I am currently a college student living in Tucson AZ, originally from Tempe AZ. I have shot a .357 Colt Python and SigSauer P226 with a friends father at Caswells in Mesa. I am moving into a rather shady neighborhood and wanted to buy a handgun for home defense, CC when I turn 21, and for range shooting on weekends. Problem: I am only 19, almost 20 and thus cannot buy from a federally licensed dealer. Is there any way for me to buy a handgun without breaking the law or waiting until my 21st birthday? 

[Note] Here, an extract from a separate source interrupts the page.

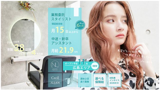 ― 積極採用エリア ― 大阪、京都、沖縄、兵庫、北海道 ― 2026年 NEW OPEN ― ALLEN ECLAT 広島店、ALLEN hair 阪神尼崎店 ◆他のサロンとはここが違う◆ ①集客力=高収入 【入店初月で月150名実績・即日入客可能】 ②業務委託・正社員を選べる 【いつでも変更可。ライフスタイルに合わせた働き方を】 ③有給・産休取得実績 【取得実績があるから安心・店長もスタッフも消化しています】 ④責任者常駐 【全店に店長がいるから安心の営業体制】 ⑤研修制度が充実 【不安な技術は勉強会で教えてもらえる】 顧客0でもご安心ください♪ 新規フリー客が毎月1000人以上♪ 新しいスタッフの方には新規フリー優先させていただきます♪ Next Linkでは、若手が活躍する美容室にしたい。 意欲ある美容師にチャンスを与えたい。 自らの腕でのし上がる土俵をつくりたい。 その気持ちをカタチにしてきました。 FCオーナーも次々輩出!(昨年実績2名) さぁ、次はあなたが活躍する時代です。 あなたの腕と、企業の力で。 一緒に目標を実現していきましょう♪ まずはご応募をお待ちしております!

Also, any suggestions on guns for home defense and CC, preferably 9mm and reasonably priced?
Thanks for any help!


----------



## KingAirDriver (Aug 13, 2006)

Don't know as far as a handgun is concerned. What's the age requirement there to buy a shotgun? Since you can't carry for a couple more years, a shotgun would be excellent for home defense. If you want to go target shooting at the range, maybe you could rent guns until you turn 21? Or go with a buddy and share his? Probably not what you wanted to hear, sorry.


----------



## Mike Barham (Mar 30, 2006)

As I understand AZ law, you can buy a handgun in a private sale (non-FFL) at 18. You may or may not be able to locate a private seller willing to do this, however. You can also receive one as a gift, as from your parents, for example.

You cannot carry until you are 21 and cannot have the pistol on campus. Buying pistol ammo may also be a problem. Since you can't carry, you might actually consider a shotgun, which is an excellent home defense weapon, and holding off on the pistol until you're 21 and can carry.


----------



## BeefyBeefo (Jan 30, 2008)

I would definitely say go for the shotgun. It's GREAT for home defense and it's fun to shoot as well. It sounds like the handgun is too much trouble if even at all possible. Get a nice shotgun and hold off on the handgun for now. I know the feeling of waiting, but it'll be worth it. You can spend the time waiting researching different guns, holding and shooting as many as you can. That way, when you do turn 21, you know exactly what you're doing and looking for. Just my .02

-Jeff-


----------



## big rob (Mar 31, 2008)

I would concentrate on getting a rifle. I feel that a ar-15 or ak-47 would be a good choice at that age. Gettem while you can. You might not be able to later.


----------